357 4, 357 6, 357 30, 357 61, H01L 29161, H01L 2714
Patent
active
047439491
DESCRIPTION:
BRIEF SUMMARY
BACKGROUND OF THE INVENTION
The present invention relates to an optical-electronic device with at least one infrared radiation-sensitive optical-electronic transducer which conducts or emits infrared radiation.
Optical-electronic thermal imaging cameras are known in which a multitude of infrared sensitive sensors are arranged in the focal plane of lens configuration for infrared radiation, a each of the sensors producing an electric signal relative to the intensity of prevailing infrared radiation. The totality of the electrical signals thus gained, amplified and, if necessary, corrected makes it possible to interpret the heat image, e.g., making it visible to the human eye. Previously, numerous individual sensors for detecting heat images were arranged in a one- or two-dimensional array or field. The most sensitive of these prior arrays exhibit a hybrid arrangement: The individual sensors are positioned on a chip consisting of a narrow-gap semiconductor material. The required electronic circuit configurations for amplifying and multiplexing the electric signals are configured on a second silicon chip. A separate electric connection is required between each sensor and the circuit configuration on the silicon chip, which is very impractical for a larger number of sensors and limits the number of sensors to be combined in one array. So so-called focal plane arrays are described in the periodic conference reports Proc. SPIE, Soc. Opt. Engineering, vol. 409 (1983), and earlier ones and elsewhere.

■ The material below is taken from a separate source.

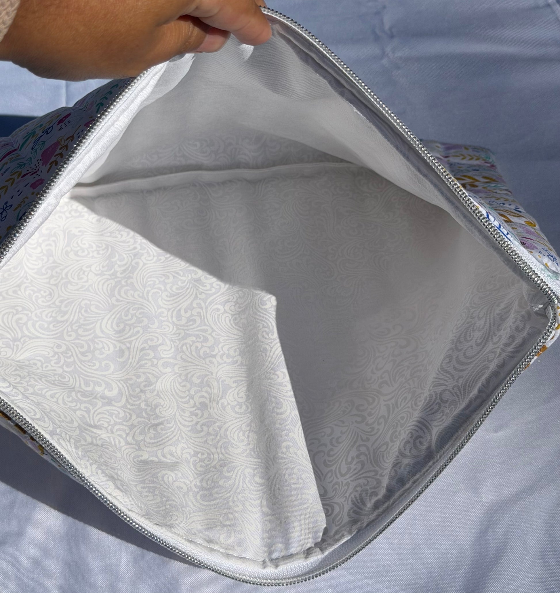 Fully lined with a smooth white fabric accented by an elegant subtle swirl pattern. The padding provides gentle protection for laptops, tablets, notebooks, or documents. A sturdy white zipper keeps items secure, and a matching fabric zipper pull adds a stylish hand-crafted touch.

It is the goal and function of the current invention to create an optical-electronic device of the type described above which, instead of a relatively complicated hybrid configuration, has a considerably simplified monolithic configuration, enabling it, e.g., to integrate an increased number of infrared sensors or infrared-radiation emitting diodes within one device.
SUMMARY OF THE INVENTION
The present optical-electronic device is characterized by the fact that on one semiconductor substrate, with the help of at least one intermediate layer, grown epitaxially on the substrate, an additional semiconductor layer is grown epitaxially from a narrow-gap semiconductor, that into this narrow-gap semiconductor layer the optical-electronic transducer is integrated, and that the intermediate layer at each of its interfaces with the semiconductor substrate and with the narrow-gap semiconductor layer there are lattice constants which lie between or close to those of the semiconductor substrate or, respectively, those of the narrow-gap semiconductor layers.

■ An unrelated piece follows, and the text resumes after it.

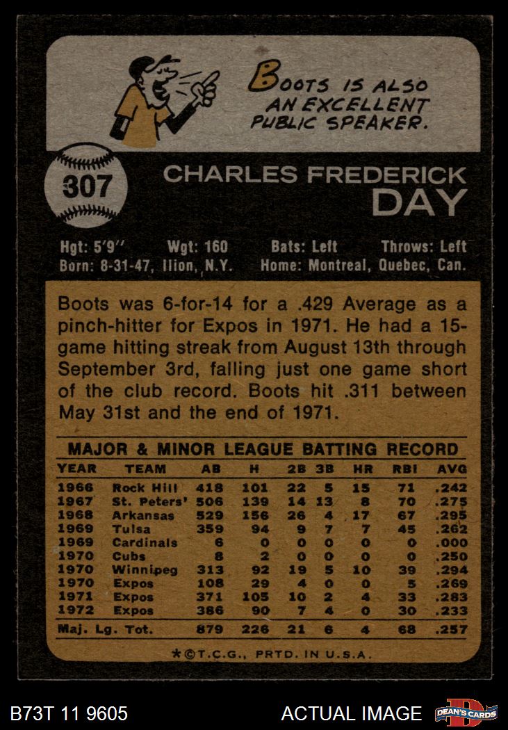 1973 Topps #307 Boots Day 6 - EX/MT

Thus, as a result of the invention, it is now possible to connect through epitaxy a narrow-gap semiconductor layer and a semiconductor substrate with significantly different lattice constants into a monolithic electronic device with the aid of at least one intermediate layer. It has been shown that by choosing the right type of intermediate layer, an epitaxial connection of the intermediate layer with the semiconductor substrate and with the narrow-gap semiconductor layer is also possible when the lattice constants of each of the adjoining materials do not exactly correspond.
The intermediate layer can be appropriately constructed out of two or more partial intermediate layers with varying lattice constants in such a way that at each of the interfaces of adjoining layers--including the semiconductor substrate and the narrow-gap semiconductor layer--the lattice constants of the various materials differ only insignificantly from one another.
In the case of another useful design of the device of the invention, the intermediate layer consists of a mixed crystal whose composition is gradually altered over the thickness of the intermediate layer in such a way that the intermediate layer at its interfaces to the semiconductor substrate and to the narrow-gap semiconductor layer exhibits lattice constants which are close to the lattice constants of the semiconductor substrate or, respectively, to the narrow-gap semiconductor layer.